Oscillant entre les Incroyables et les Merveilleuses du Directoire et les cyber pirates, le génie du flamboyant designer anglais surfait sur la réappropriation historique par la «club culture» sous l’égide du sigle CD. Au même titre que l’éventail, le monocle ou l’épingle à nourrice empruntée aux punks, le masque fait partie intégrante de l’ère parisienne sulfureuse de Galliano. Toute une époque.

Caché pour faire parler de soi
Côté pop, sur scène ou sur papier glacé, les stars en mal de corser leur image misent elles aussi sur l’accessoire à l’aura scandaleuse. La plus souveraine et extravagante d’entre toutes, Grace Jones, a fait de son corps un monument. Rescapée fabuleuse des nuits new-yorkaises des années 80, la reine du disco le sait et s’en amuse: les designers sont à ses pieds et ses concurrentes ne lui arrivent pas à la cheville. Femme totem façonnée par Jean-Paul Goude au début de sa carrière, Miss Grace Jones sort rarement sans un masque sur mesure signé Stephen Jones ou Philipp Treacy, les deux modistes britanniques les plus sensationnels de ces dernières décennies.

Dans un registre plus artistique mais non moins fabuleux, Björk ne montre plus son visage depuis plus de dix ans. Embrassant sa passion pour la nature et la technologie, elle préfère confier son faciès comme une palette d’expérimentations fantastiques à l’artiste de broderie britannique James Merry. Ensemble, le duo crée les effets futuristes dont elle seule a le secret.
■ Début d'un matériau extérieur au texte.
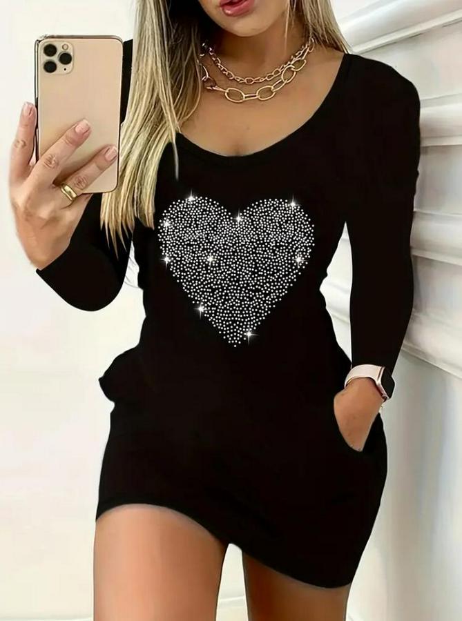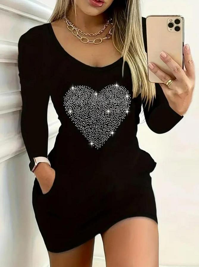 AnasayfaTüm ÜrünlerElbiseUzun Kollu Yuvarlak Yaka Taşlı Kalp Desenli Viskon Iki Iplik Elbise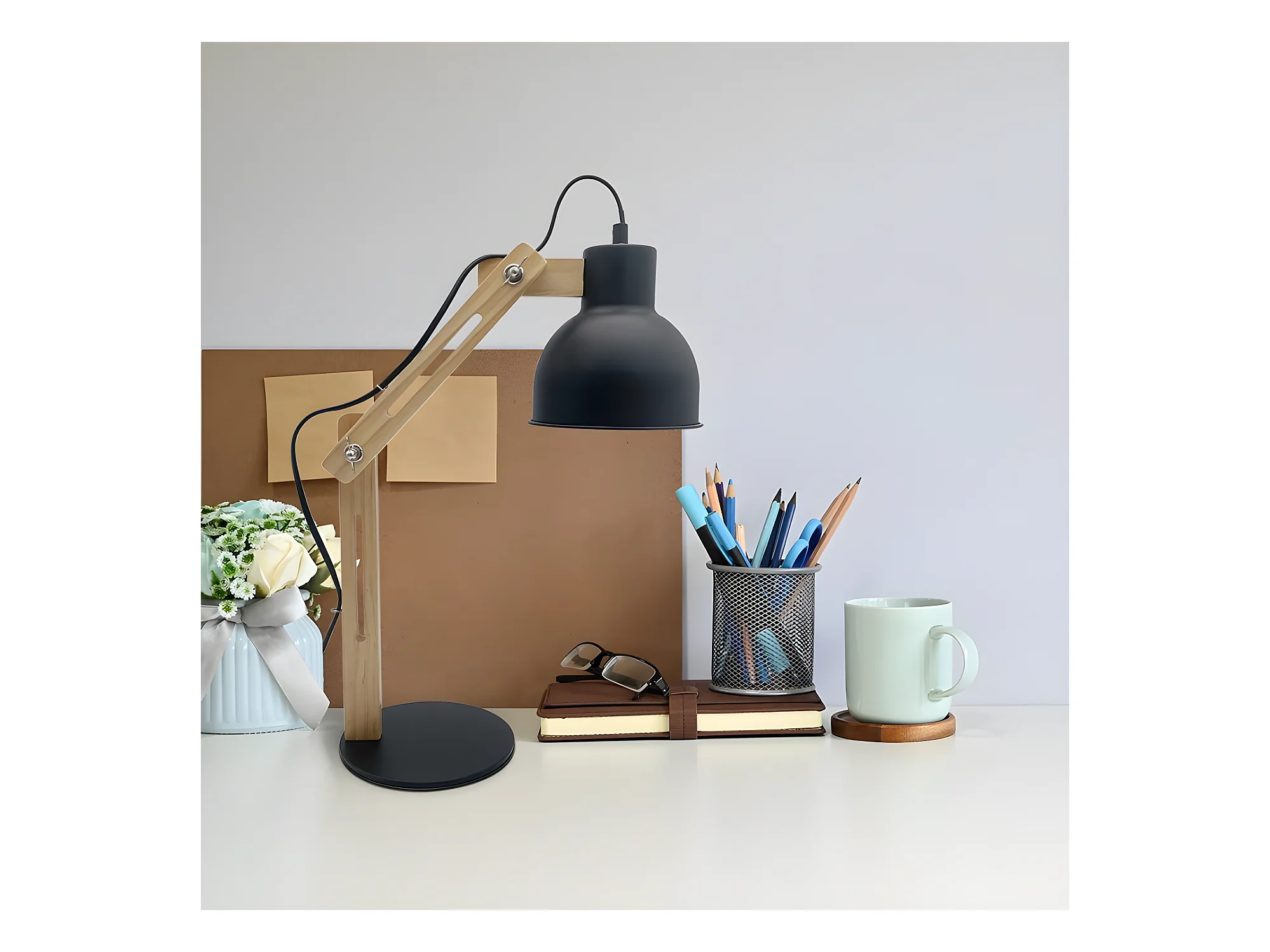 Flexo Articulable modèle Baptista 1luz Noir/hêtre FABRILAMP

Parmi la trinité souveraine de la pop, le masque sanitaire n’aura pas réussi à sauver Michael Jackson de son destin tragique. Par contre, après leurs explorations de la dentelle dans les années 80, les indomptables Prince et Madonna goûtaient à l’imagerie SM à coup de masques en chaines dans les années 90 et 2000. A l’ère numérique, à mesure que s’amenuise la vie privée au profit du grand déballage sur les médias sociaux, la posture derrière le masque représente peut-être un des derniers endroits de revendication d’une forme de liberté d’expression.